I thought of my mother outside those fences. With her lung problems I was afraid that I would lose her. She hadn’t been part of my life much, and I didn’t feel particularly close to her. But I wasn’t ready to lose her. I don’t think anyone can ever be ready to lose someone.

We were going to break out, we’d plan it all out, work as a team, and I’m talking about the majority of us. We weren’t going to just sit here and die. 

The institution began slowing down. It seemed like everyday more restrictive measures were put in place. We were stuck in our housing units with 7 or 8 other individuals per house. 

We quickly realised that most of us didn’t like each other very much. The thing about jail is that you can’t pick who you’re living with, and personalities clash. Many of us complained non-stop, which didn’t do anyone any good. Others acted out in violent ways.

Our escape plans went to hell because none of us could stand each other.

Then summer time arrived, and the housing units became unbearably hot.
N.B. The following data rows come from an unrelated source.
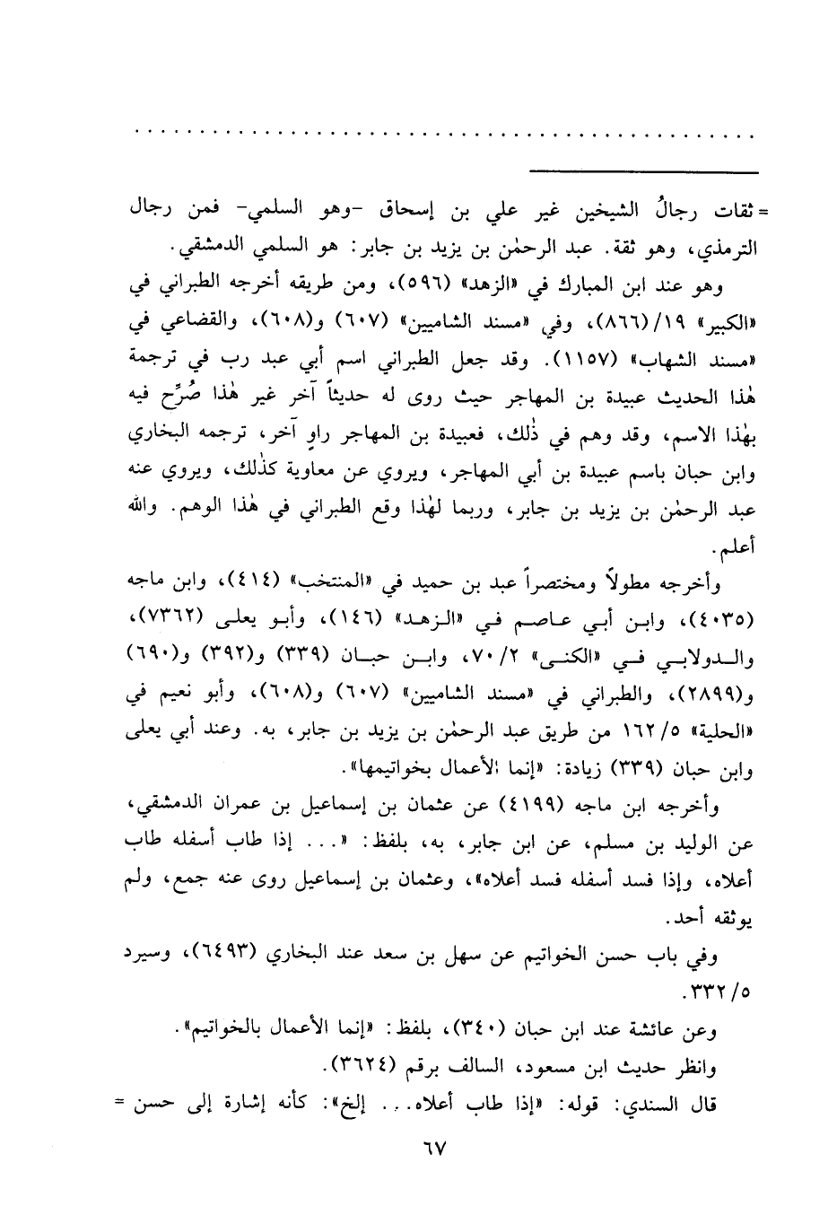 = ثقات رجالُ الشيخين غير علي بن إسحاق- وهو السلمي- فمن رجال الترمذي، وهو ثقة. عبد الرحمن بن يزيد بن جابر: هو السلمي الدمشقي.
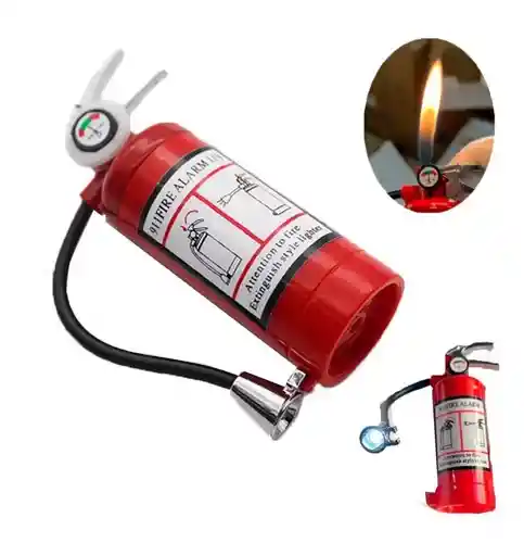 Encendedor tipo extintor, con linterna, metálico, recargable con gas butano.
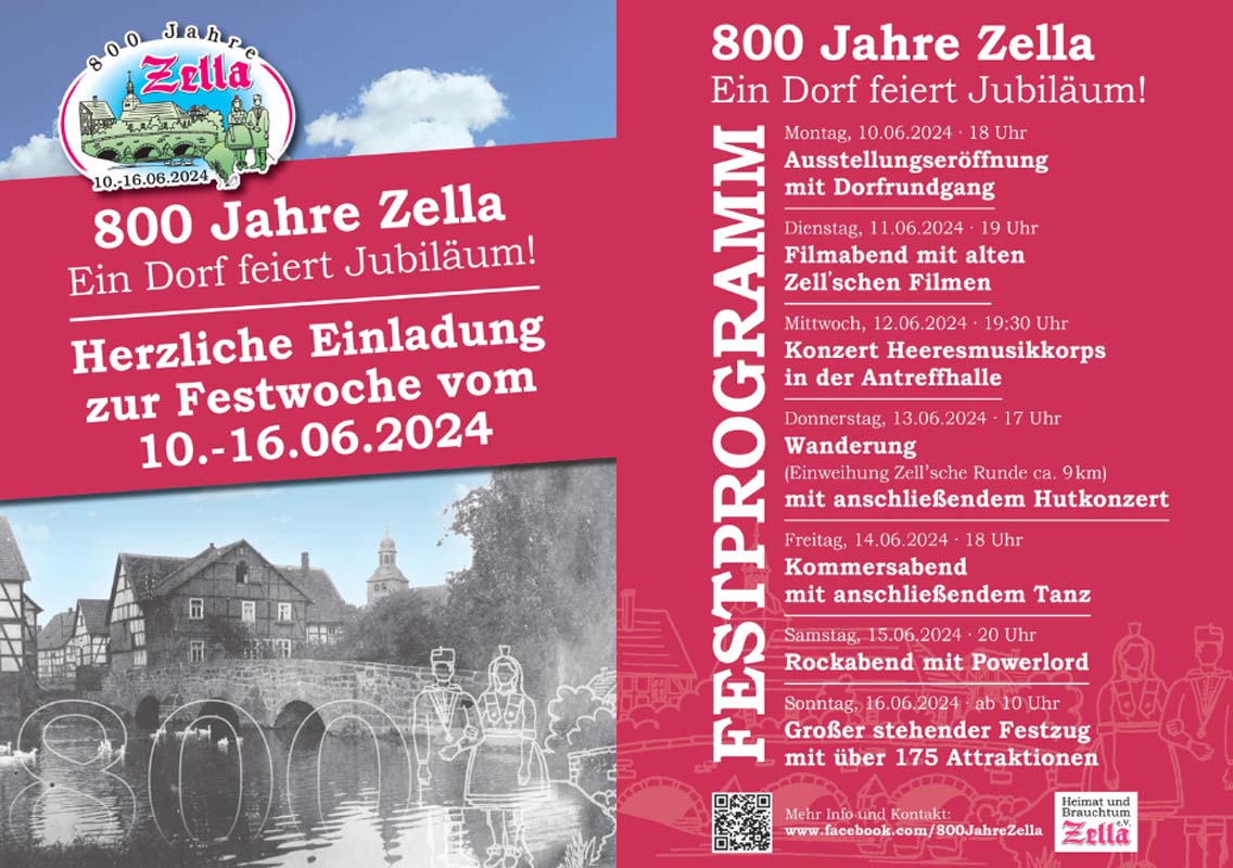 Die offizielle Festwoche startet am Montag, dem 10. Juni, mit einer Dorfwanderung, bei der die historischen Gebäude Zellas vorgestellt werden. Im Dorfgemeinschaftshaus wird danach eine Ausstellung historischer Bilder eröffnet. Am darauffolgenden Tag stehen alte Filme über Zella auf dem Programm.
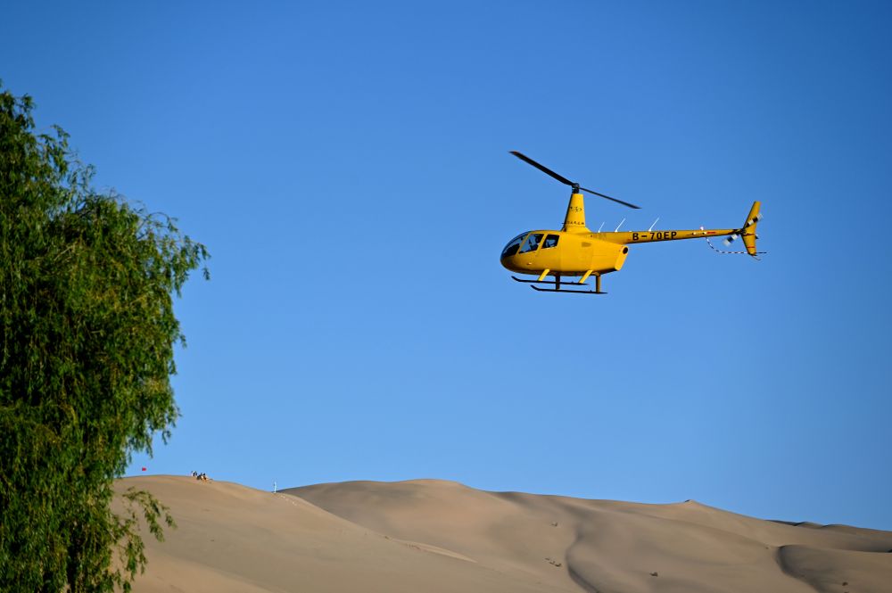 5月24日,在敦煌市鳴沙山月牙泉景區(qū),游客乘坐直升機(jī)從空中欣賞大漠風(fēng)光。新華社發(fā)(張曉亮攝)

It felt like we were dying of heat.

After some weeks they started letting us walk for 60 minutes a day, one house at the time to prevent the virus from spreading.

Many workers were no longer showing up for work, and we became more stuck than ever before.

I have experienced solitary confinement. Being incarcerated during this time was like that.

I know Covid has been hard on everybody, and I recognise that many people do not sympathize with criminals. But people are people and every human matters as much as the next one. 

What prisoners are going through since Covid-19 arrived is unacceptable.